Refer to the Agent section for descriptions of the parameters.
Specify the Number of Core(s).
To limit Spark cores from being used for each job, a common configuration for the Free Form (Appended) field is -conf spark.cores.max=8
.
Set the Default Deployment Mode option to Client for a Spark Standalone master.
9. Create DB Connection for DQ Job
Note In the following examples, a DQ Job is run against local DQ Metadata Storage.
Follow the steps on Map data source connections to a DQ agent section to configure newly created DQ Agent.
Click the compass icon in the navigation pane to open the Explorer page. Click the metastore connection, select the public schema, and select the first table in the resulting list of tables. From the Preview and Scope page, click Build Model. When the Profile page populates, click Save/Run.
On the Run page, click Estimate Job, acknowledge the resource recommendations, and click Run.
Click the revolving arrows icon in the left navigation panel to open the Jobs page.
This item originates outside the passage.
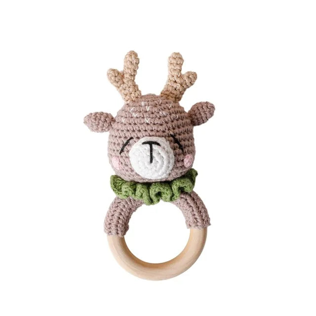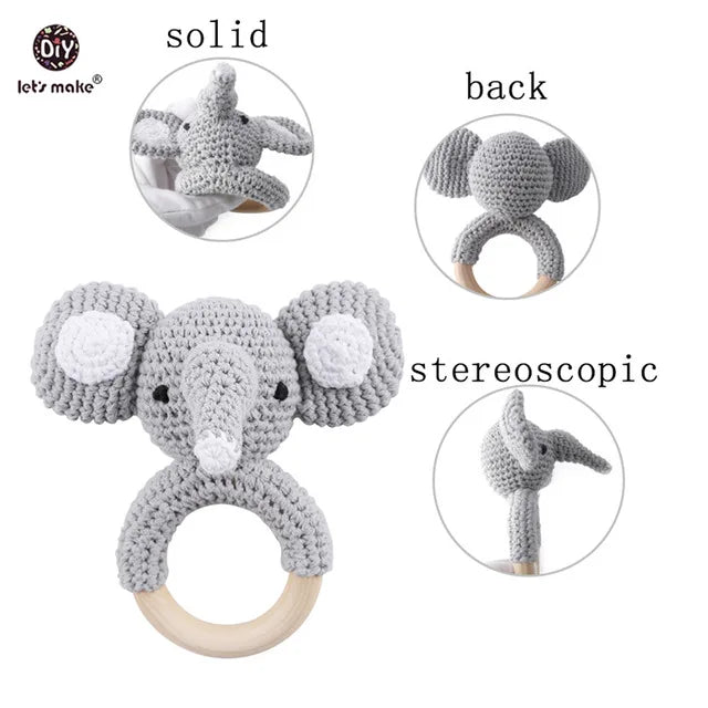 Newborn Baby Toys 1pc Wooden Teether Crochet Pattern Rattle Elephant Rattle Toy Newborn Amigurumi Teether Baby  Rattles Gift
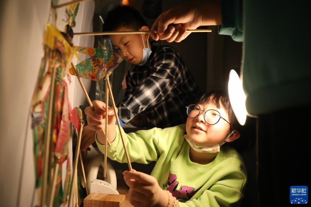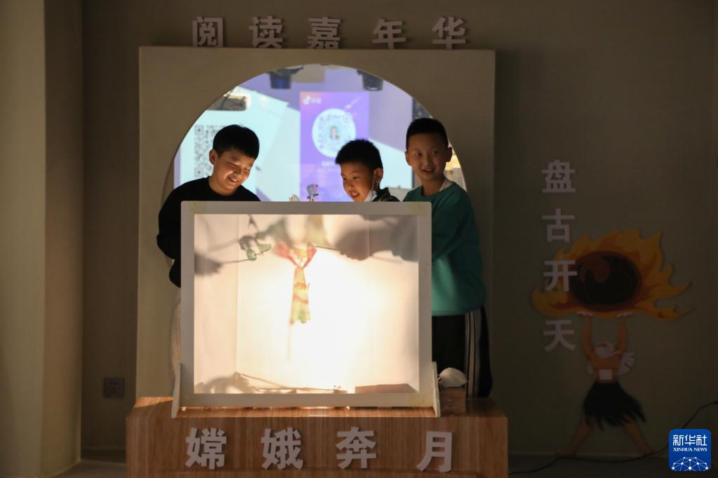 4月1日,在甘肅省蘭州市的讀者出版集團數字閱讀中心讀者小站,小朋友體驗中國神話故事主題皮影戲。新華社記者 馬希平 攝

Wait 10 seconds and then click the refresh button above the Status column until the status shows that the DQ job is Finished. We recommend refreshing several times, pausing for a few seconds in between clicks. While a job runs, the Activity column tracks the sequence of activities DQ performs before it completes a job. A successful job shows its status as Finished last.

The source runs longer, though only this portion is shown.